To Mr Swift I wrote stating I was grateful for the offer but unfortunately was attending a course on the role of dentistry in school administration followed by the pre-trial hearing into the death of the President of Bolivia. Havoc-Blythe received a rather shorter (but I thought upon reflection more direct) reply – although I did admit that I had thoroughly enjoyed the weekend, and was grateful to get out of town and away from the events of school.
At 10.30 Mr Fixham, the Deputy Head entered and announced that there would be some changes in the way work was divided between administration and management in future. Mrs Marchmount immediately perked up (she had been looking decided unperked up to that point). “I have been meaning to talk to you about that, Mr Fixham,” she announced. “We are most certainly overloaded at present, and although I did not want to suggest it directly, I do feel it is ideal that the management should take on some of our work, given that physically we have no more room for another member of staff in the office.”
Mr Fixham gave her a most curious look – indeed a look of such curiousness that perhaps “coriander” although not meaning the same thing would better express the looks that came over the Deputy Head’s face.

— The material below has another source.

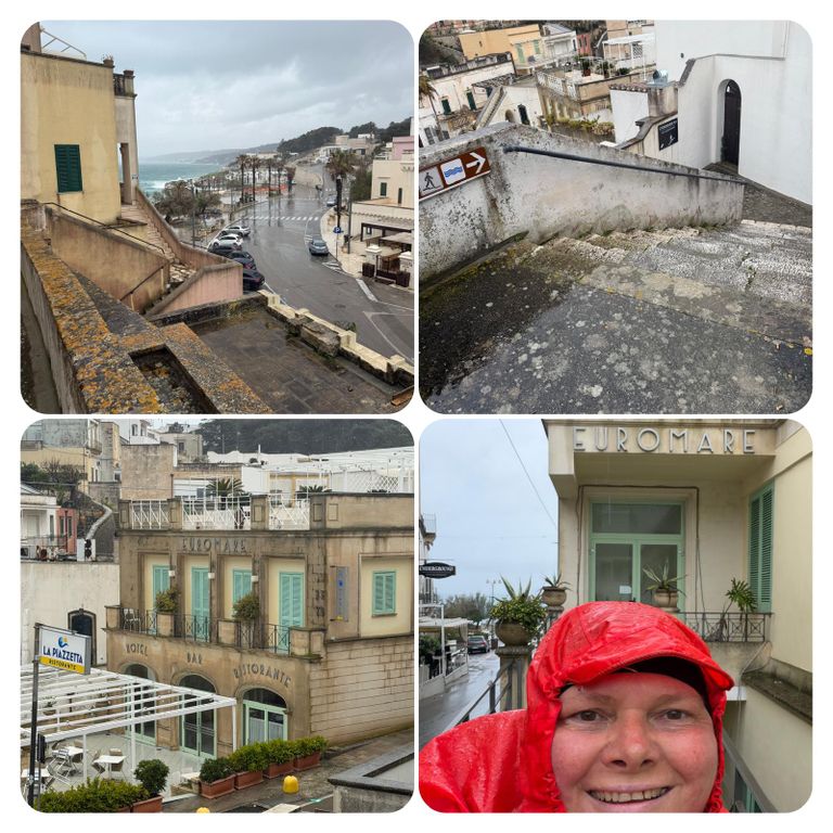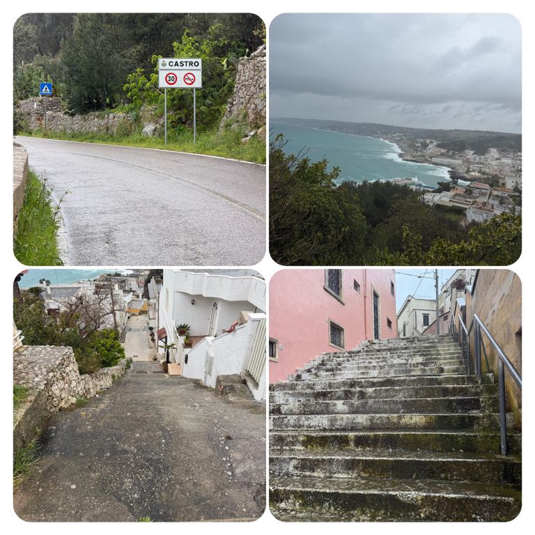 Um die nächste Kurve und da war es, das heutige Ziel „Castro“, die Stadt lag unter mir und ich musste nun noch irgendwie da runter. Um die nächste Kurve war klar, dass es nur mit Treppen gehen wird, also stieg ich gefühlt tausend Stufen hinab, zum Glück gab es zeitweise Handläufe, die Stufen waren ganz schön rutschig. Von weitem sah ich schon mein gebuchtes Hotel, dieses sah aber zu und eher verlassen aus, mal sehen was mich da erwartet.

“I fear we have purposes crossed indeed,” said Mr Fixham, “for it is the office that will be taking on the tasks which management cannot undertake, given the high level of demand for new initiatives being propounded upon us as a daily ritual and routine by our masters in
We look aghast.
“Starting today I would like the office to take over timetabling, exam organisation including invigilation, the organisation of supply staff, and indeed other personnel record keeping, playground duty, and health and safety.”

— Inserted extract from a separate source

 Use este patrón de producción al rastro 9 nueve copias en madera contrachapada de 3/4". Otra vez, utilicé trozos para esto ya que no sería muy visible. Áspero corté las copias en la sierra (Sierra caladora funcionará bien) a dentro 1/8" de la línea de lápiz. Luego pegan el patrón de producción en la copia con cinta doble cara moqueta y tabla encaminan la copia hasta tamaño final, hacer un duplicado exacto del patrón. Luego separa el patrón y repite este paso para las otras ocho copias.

And with that he walked out of the door.
The stunned silence was broken merely by Janice shouting, “Yes!”
We looked at her in a look akin to the look you give an overweight middle aged man who says he rather likes the music of Garry Glitter.

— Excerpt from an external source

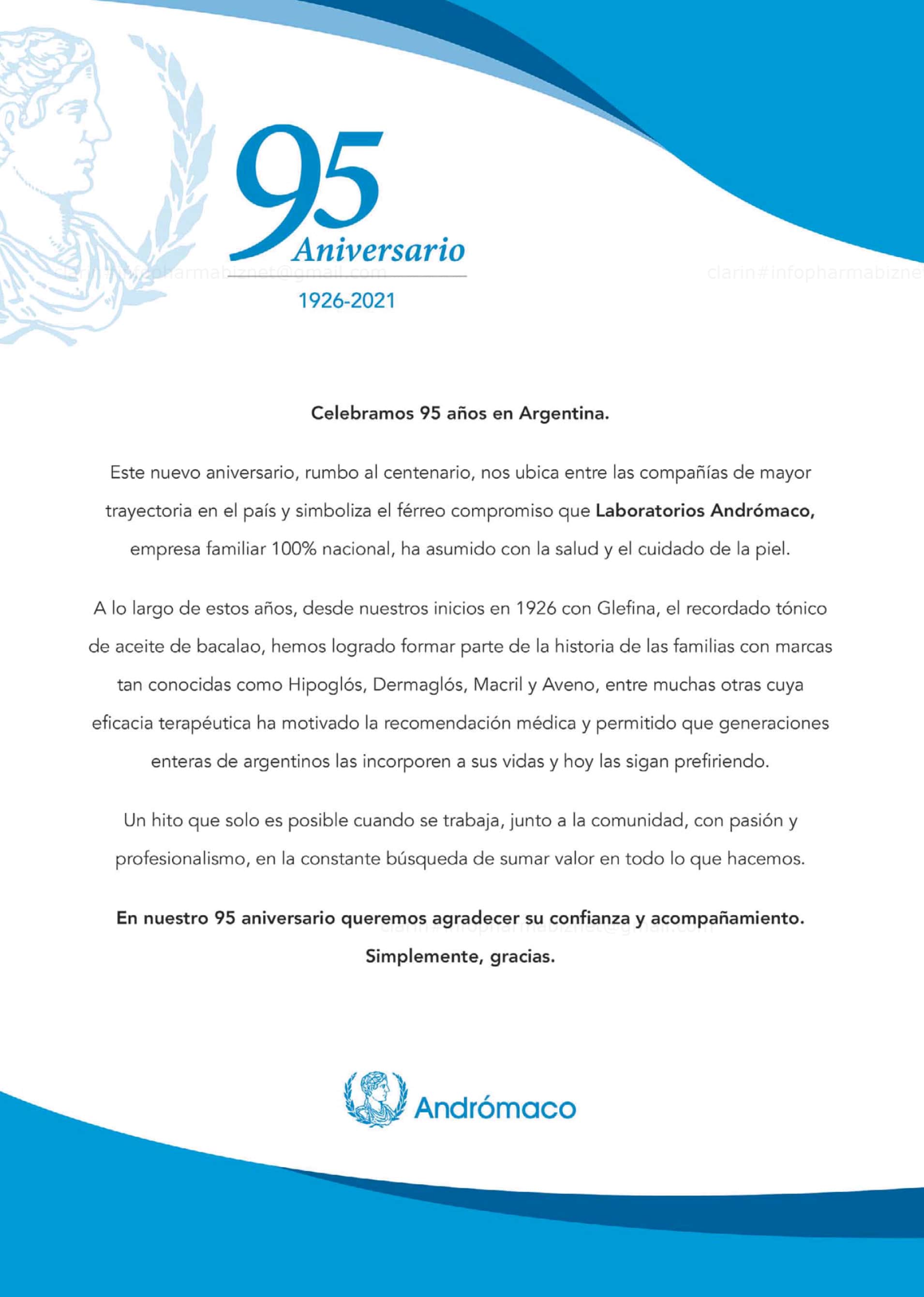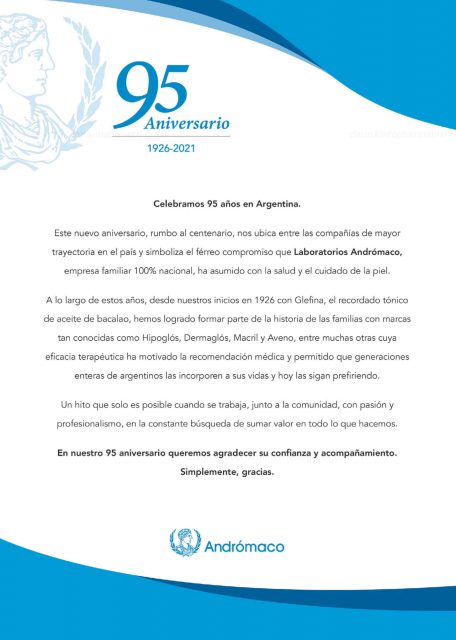 En el mismo expresó que esta nueva etapa rumbo al centenario «nos ubica entre la compañías de mayor trayectoria en el país y simboliza el férreo compromiso que Laboratorios Andrómaco, empresa familiar 100% nacional, ha asumido con la salud y el cuidado de la piel».

Janice saw the eyes of the room were, as it were, on her. “We got personnel,” she explained. I think that’s doughnuts all round.”
In the evening I had been home for no more than a minute when the front door bell rang and a polite lady handed me a DHL parcel. I duly signed and went back inside, putting on a record by Signur Ros that the head of sport (whose name I can never remember) had given me to compensate for his behaviour at the staff party.
The box contained a brand new, top of the range, ultra stylish O2 phone, SIM card and full set of extras. Tucked away inside was a note saying that they would start taking money out of my account within the next few days – although they didn’t say which account.
All of which is rather odd, since I already have a mobile phone which is with Orange, and have had no contact with O2.